Plant-based chef showcased at Arkansas Children’s Northwest

by Jeff Della Rosa ([email protected]) 877 views 

Little Rock Alicia Watson.

Little Rock chef Alicia Watson, owner of Vito and Vera, hosted and participated in multiple Northwest Arkansas events as the culinary wellness company starts offering its plant-based meals at Arkansas Children’s Northwest.

On April 15, Watson served tacos, rice and award-winning cheese dip in the family meal for the Cureate Courses participants before the capstone event at Mount Sequoyah Center in Fayetteville. Watson also judged event’s pitch competition, which she won last spring. Two participants received $5,000 at the end of the competition.

Cureate CEO Kim Bryden said the event’s farm-to-table dinner was sold out.

Cureate Courses is funded by Huntsville-based Forge Inc., a revolving loan fund with multiple supporters, including the U.S. Small Business Administration and Walton Family Foundation. Details on Cureate Courses’ fall cohort are expected to be released later this spring.

On April 19, Watson offered samples of Vito’s Deconstructed Lasagna and Big Bertha’s Fat Stack that were served in the cafeteria at Arkansas Children’s Northwest in Springdale to celebrate Earth Day and the launch of Vito and Vera’s meals to go becoming available at the hospital.

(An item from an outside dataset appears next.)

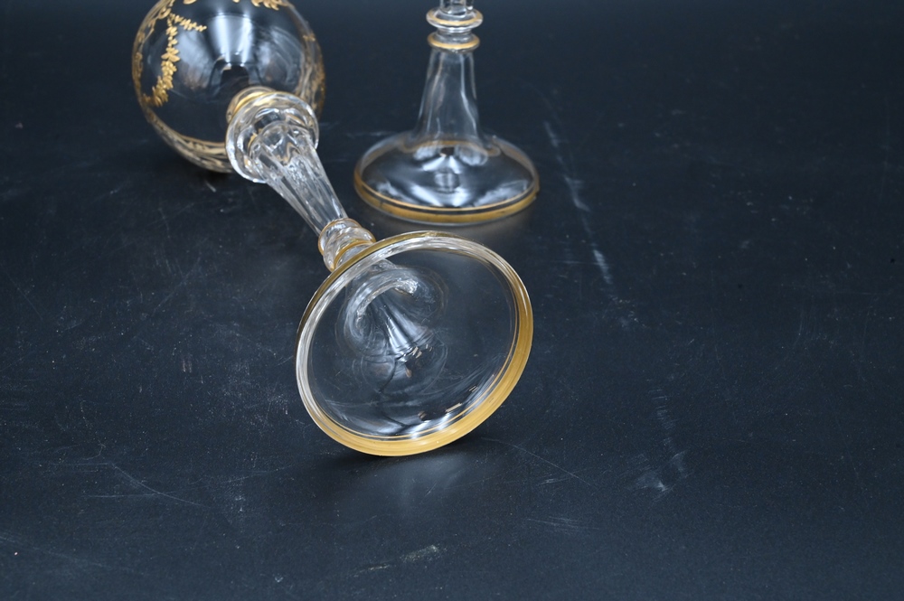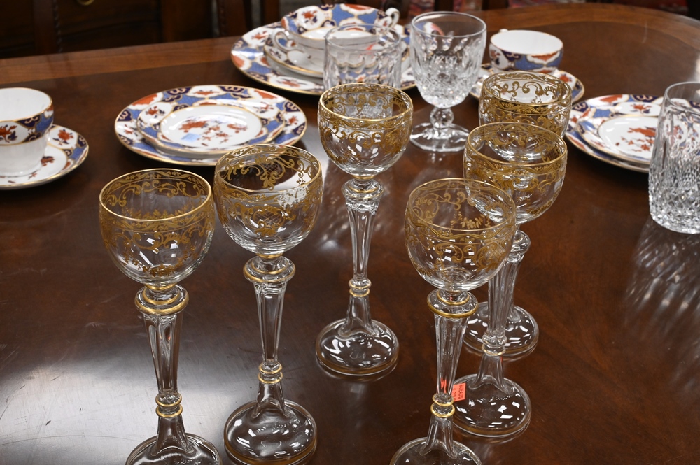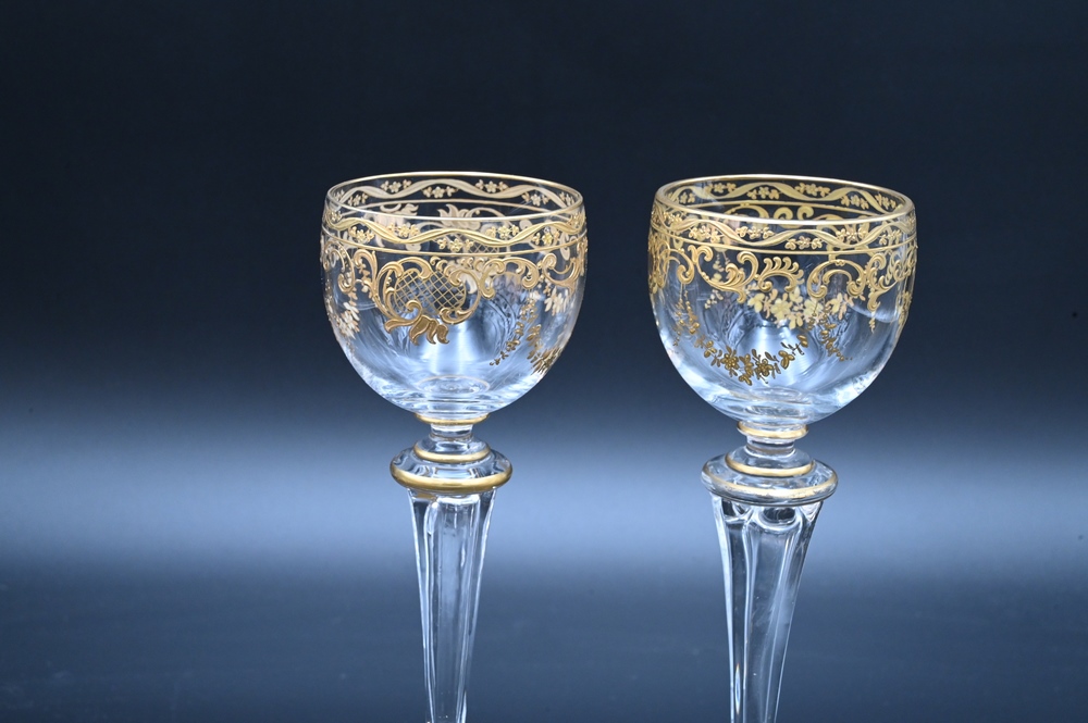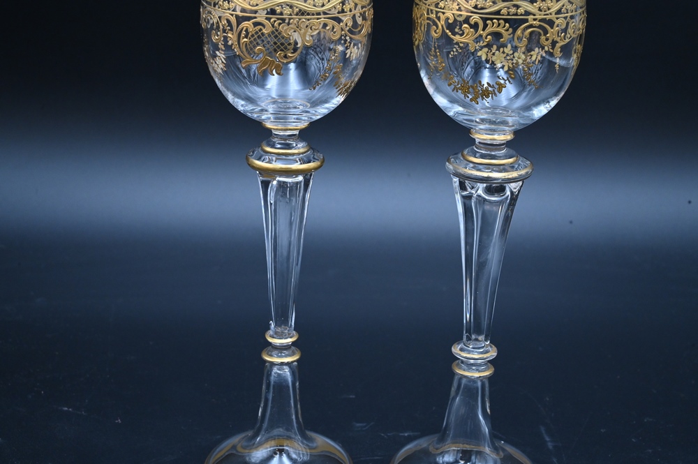 Lot 200: 12 Tall Stemmed Moser Champagne Glasses, having applied gold decoration, height 8 1/2 inches.

“I think it’s life-changing for me as a person,” Watson said. “It’s all I dreamed about because I believe that food is medicine, and I believe in taking care of healthcare workers and patients. I think it’s the road to seeing a plant-based menu available in all the hospitals.”

Arkansas Children’s Northwest is a Cureate Connect client and connected the hospital with Vito and Vera, Bryden said. Cureate Connect sources goods from small businesses to be sold at institutional foodservice operations, such as hospitals, universities and corporations.

Vito and Vera’s Little Rock business comprises meals to go that are delivered throughout central Arkansas. About eight months ago it established a wholesale line that’s allowed its products to become available throughout the state, including at Ozark Natural Foods Co-Op in Fayetteville.

Watson’s next goal is to expand the business to allow for the meals to be available nationwide. Also, the company looks to expand its meals to include mac and cheese made with a plant-based cheese dip that recently took second place in a cheese dip competition.

She noted that Arkansas farms provide all the ingredients for her plant-based meals, which are delivered with an all-electric vehicle. The company has three employees.